Uma indústria sem fábrica

Vamos a uma questão muito primordial do segundo setor: você compra matéria prima, trabalha ela, produz algo e vende. Você compra terreno e tijolos e fabrica casas para vender. Compra farinha e ovos e vende pães. Nestes casos, a relação entre produção e produto é direta.

Como o mundo ficou complexo, nem sempre produzir é sinônimo de deter o produto: um mesmo torno, por exemplo, pode fazer um pé de corrimão em madeira ou um eixo de carro em aço. Detém o produto quem tiver as medidas para tais resultados; detém o processo o dono do torno.

Isso aconteceu também com a Microeletrônica.
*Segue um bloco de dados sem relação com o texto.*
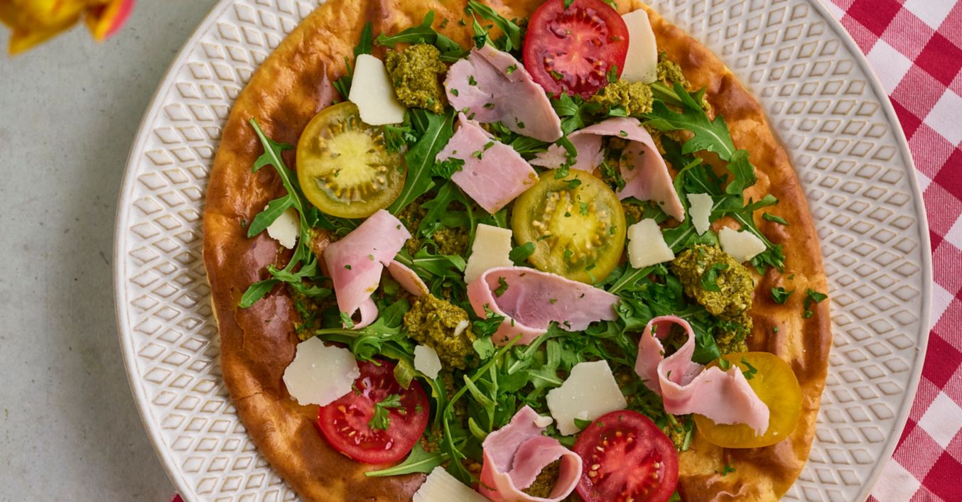 Pomixujeme cottage cheese, vajce, múku, bylinky, soľ a korenie na husté cesto. Cesto vylejeme na plech a pečieme na 200 °C 10 až 15 minút do zlatista. Po upečení potrieme taveným syrom (alebo pestom), obložíme šunkou, syrom a rukolou, zatočíme do tvaru burrita a podávame. (Autorky receptu: Baby na mizine)
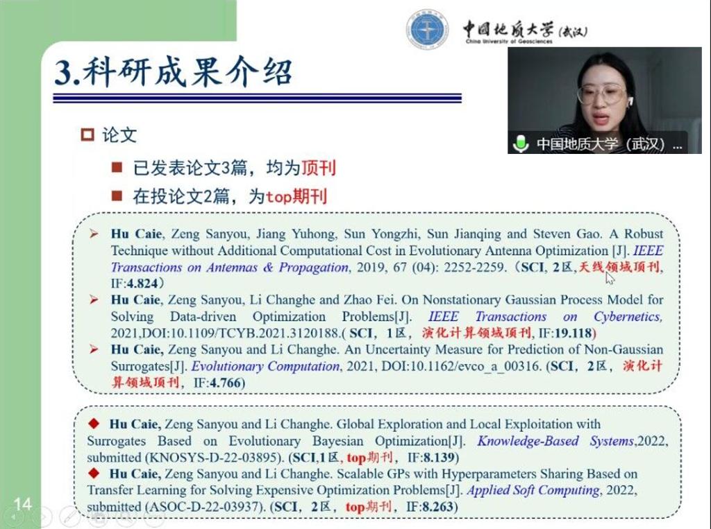 中國地質大學(武漢)呼彩娥博士作題為「基於模型協助的演化算法研究及其應用」的學術報告。天線是無線通信系統中重要的組件,被廣泛應用於廣播、點對點無線電通訊、雷達和太空探索等通訊系統,而天線設計問題通常是一類非線性、不可微、多峰值和電磁仿真耗時的優化問題,針對演化優化方法解決天線設計應用中的局限性,他提出了魯棒技術以實現魯棒演化天線,提出了非平穩高斯過程模型協助的演化算法以解決仿真耗時問題,提出了非高斯過程模型的不確定性衡量準則以解決現有機器學習模型中的不足。
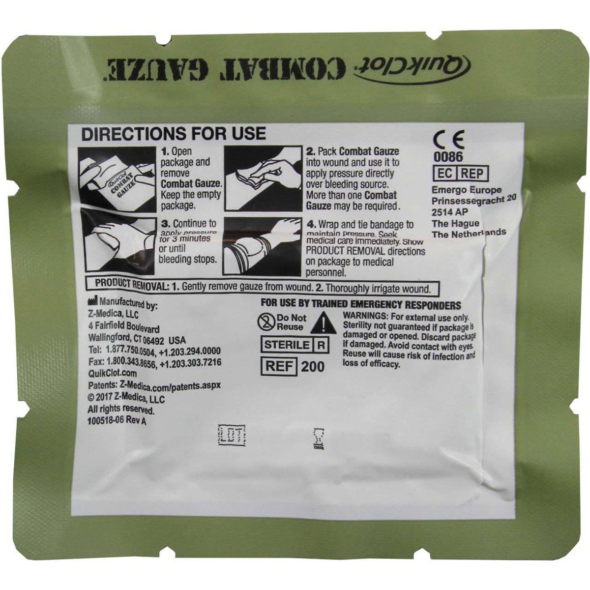 QuikClot Combat Gauze, Military (3-inch x 4-yard z-folded) QuikClot Combat Gauze is a 3-inch x 4-yard strip of z-folded soft, white, nonwoven, hydrophilic gauze impregnated with kaolin, an inorganic mineral that is both safe and effective in accelerating the body’s natural clotting cascade without any exothermic reactions or use of animal or human proteins. QuikClot Combat Gauze contains an X-ray detectable strip for easy identification. Each QuikClot Combat Gauze, Item #200, NSN 6510-01-562-3325 is packaged in an easy-tear pouch, vacuum sealed. Indicated for temporary external control of traumatic bleeding, the QuikClot Combat Gauze is flexible and pliable and contours to all wounds. Effective, simple, and safe to use when trying to control life-threatening hemorrhage from wounds that are not amenable to tourniquet application Z-fold, vacuum packed for easy application Contains an X-ray detectable strip for easy identification Does not generate heat Easy to use and remove Flexible and pliable Individually wrapped in an easy rip, military-grade foil pouch QuikClot Benefits Works Fast - This gauze contains kaolin, an inorganic material that speeds up the body's natural clotting process, helping blood clot up to five times faster than on its own. Safe - Kaolin is a common mineral that doesn't contain any plant, animal, or human material, so you don't have to worry about causing allergic reactions. Easy to Use - The dressing easily conforms to any wound site and doesn't break down or fall apart under pressure. Convenient - Contained in durable, yet easy-to-tear packaging, these packets can go anywhere.

Houve uma separação clara dentro das empresas entre a parte de processo e fabricação (a foundry, equivalente ao torno) com a de projeto de chips (a parte que projetou a peça que iria ser feita no torno).

Como uma mesma máquina pode produzir milhares de chips diferentes, então porque não especializar-se em apenas fabricar chips para os outros? Pois é. Isso aconteceu. Tanto que conforme este report de 2014, 91% dos negócios de fabricação de chip estão nas mãos de 13 empresas.

E, de quebra, esse povo passou a ter capacidade de fabricação disponível para vender. E teve gente que queria fabricar chip mas não tinha dinheiro ou investimento para montar uma fábrica e passou a comprar este tempo ocioso. A isso damos o nome de “Fabless“. A maioria da indústria de microeletrônica no Brasil é FABLESS.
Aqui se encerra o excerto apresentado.